Scientific classification
- Kingdom: Animalia
- Phylum: Chordata
- Class: Aves
- Order: Passeriformes
- Family: Estrildidae
- Genus: Cryptospiza
- Species: C. salvadorii
- Binomial name: Cryptospiza salvadorii Reichenow, 1892

= Abyssinian crimsonwing =

- Genus: Cryptospiza
- Species: salvadorii
- Authority: Reichenow, 1892
- Conservation status: LC

Species of bird

The Abyssinian crimsonwing (Cryptospiza salvadorii), also known as the Ethiopian crimsonwing, Salvadori's crimsonwing or crimson-backed forest finch, is a common species of estrildid finch found in eastern Africa. It has an estimated global extent of occurrence of 190000 km2.

==Description==
The Abyssinian crimsonwing is a small, shy greyish olive finch with bright crimson wings, mantle, back and rump. It is sexually dimorphic. In the males the head and upper mantle are greyish olive apart from the blackish lores, while the rest of the upper parts, except for the short, rounded, black tail, are deep crimson. The chin is dull yellow and the rest of the underparts are greyish-olive, with some flank feathers having red tips. The bill is black, and the eyes and legs are dark brown. The females is similar to the male, but duller red above and pale olive below. The juveniles are browner above with only patches of red colour. It measures 10–11 cm in length and weighs 10.9–14 g.

===Voice===
The call of the Abyssinian crimsonwing is a soft "tsip-tsip" which is given when the bird is flushed. The song is the call repeated but with a soft melodic sub-song which is rarely heard.

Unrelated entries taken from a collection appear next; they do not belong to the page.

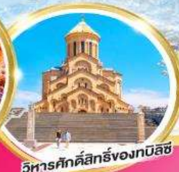
วิหารศักดิ์สิทธิ์ของทบิลีซี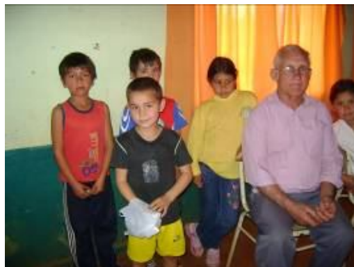
Los alumnos mas chiquitos tambien asistieron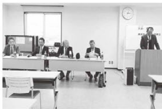
右から笹崎署長、塩崎支部長、武藤顧問、横山副支部長、笹川副支部長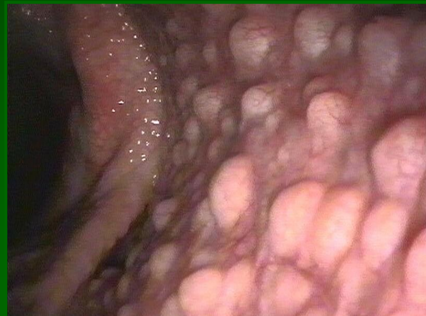
Cv faringite follicolare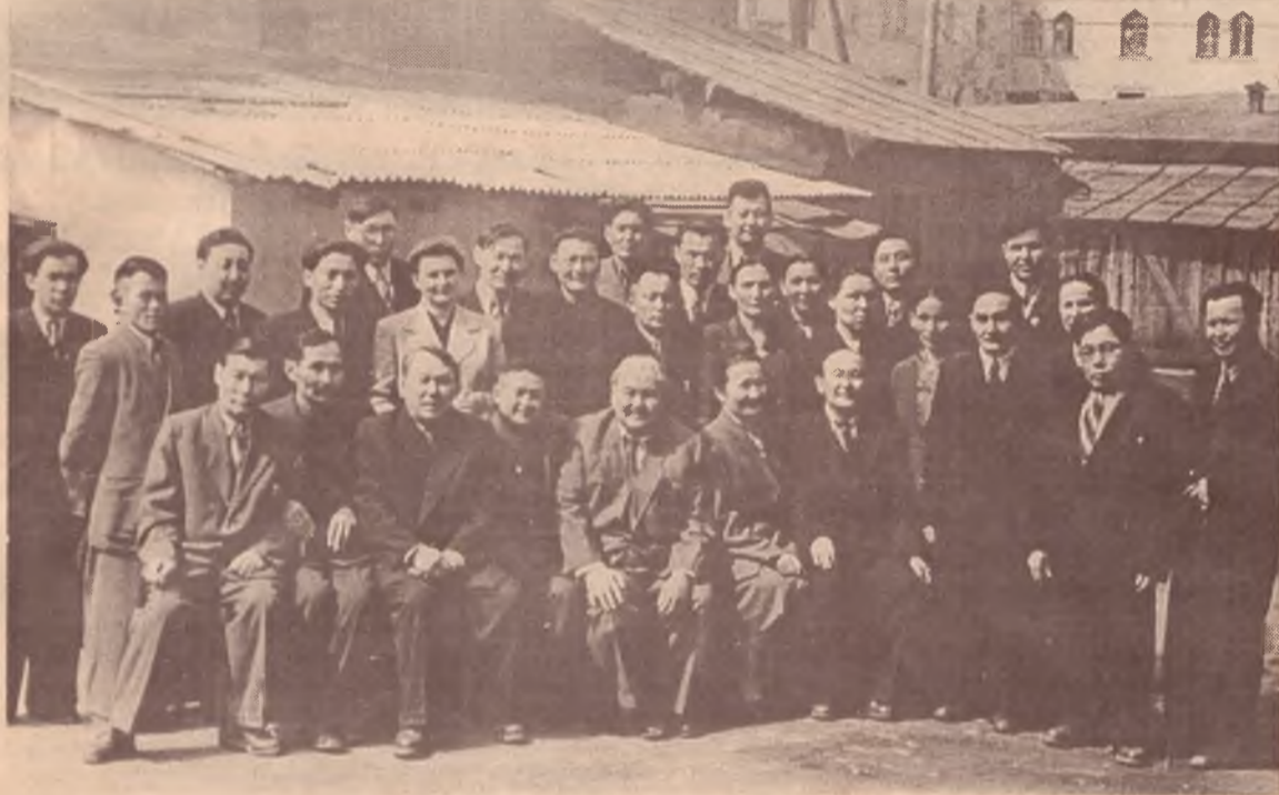
Қазақ тілі мен әдебиеті оқытушыларының республикалық кеңесіне (1957) қатысушылар.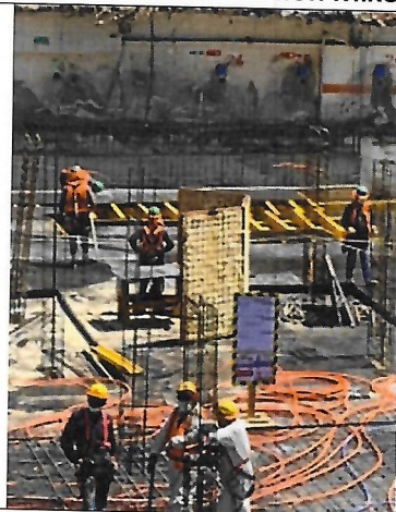
Fotografía 3: Encierro Acústico Faenas de Corte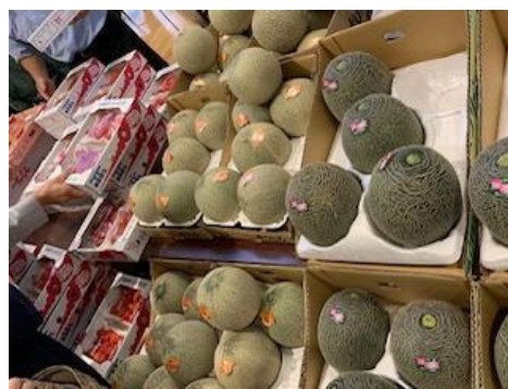
あまおうはなんと2パックで500円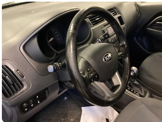
6.2 Slitet Låter konstigt när man vrider på ratten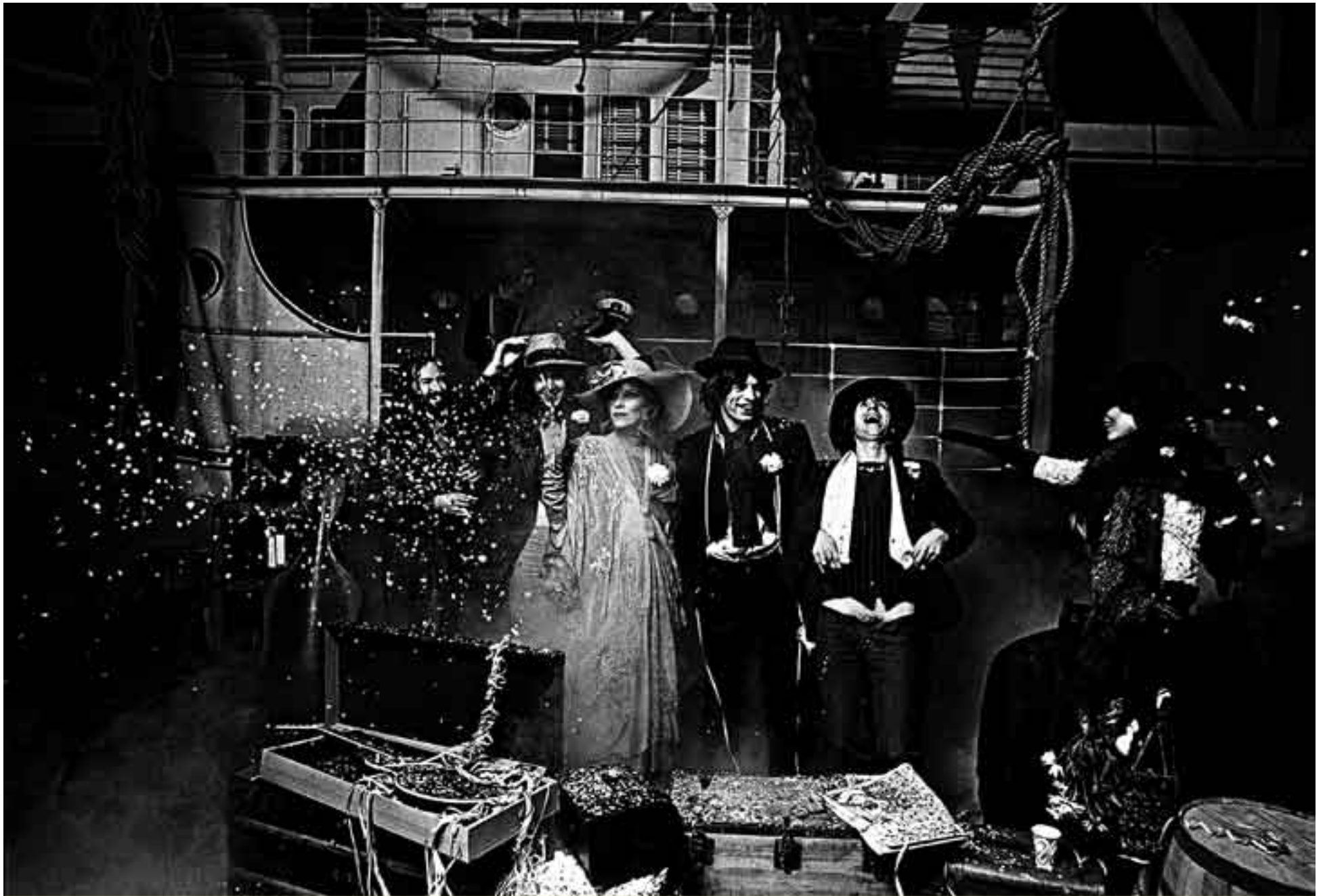
PAG4: FOTO PROMOCIONAL DE EXILE ON MAIN STREET (1972)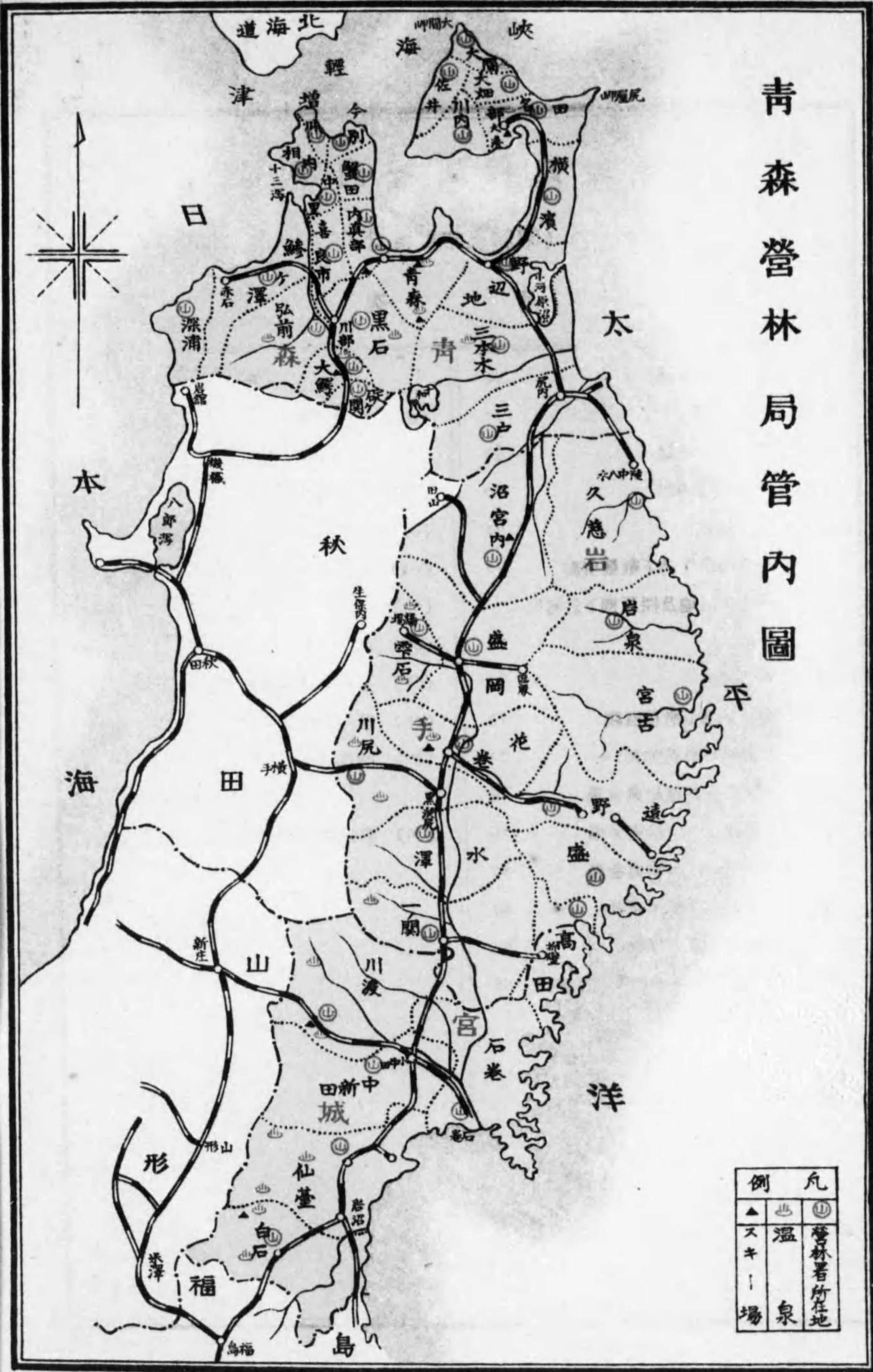
青森營林局管內圖

==Distribution and subspecies==
There are currently three recognised subspecies; a fourth C.s. crystallochresta which was described from Challa, in south western Ethiopia has been lumped in to the nominate subspecies. The three subspecies and their distributions are:

- Cryptospiza salvadorii salvadorii Reichenow, 1892: Ethiopia and northern Kenya
- Cryptospiza salvadorii kilimensis Moreau & W. L. Sclater, 1934: southern South Sudan, eastern Uganda, western, central and southern Kenya and northern Tanzania
- Cryptospiza salvadorii ruwenzori W. L. Sclater, 1925: mountains of Albertine Rift in eastern Democratic Republic of Congo, south western Uganda, western Rwanda and western Burundi

==Habitat and habits==
The Abyssinian crimsonwing occurs in forest, particularly montane forest, from 1500 to 300 m above sea level in Kenya, at the forest edge or in clearings where it normally remains among the undergrowth but sometimes seen higher in creepers. It also occurs in bamboo, thickets and dense brush, especially along watercourses.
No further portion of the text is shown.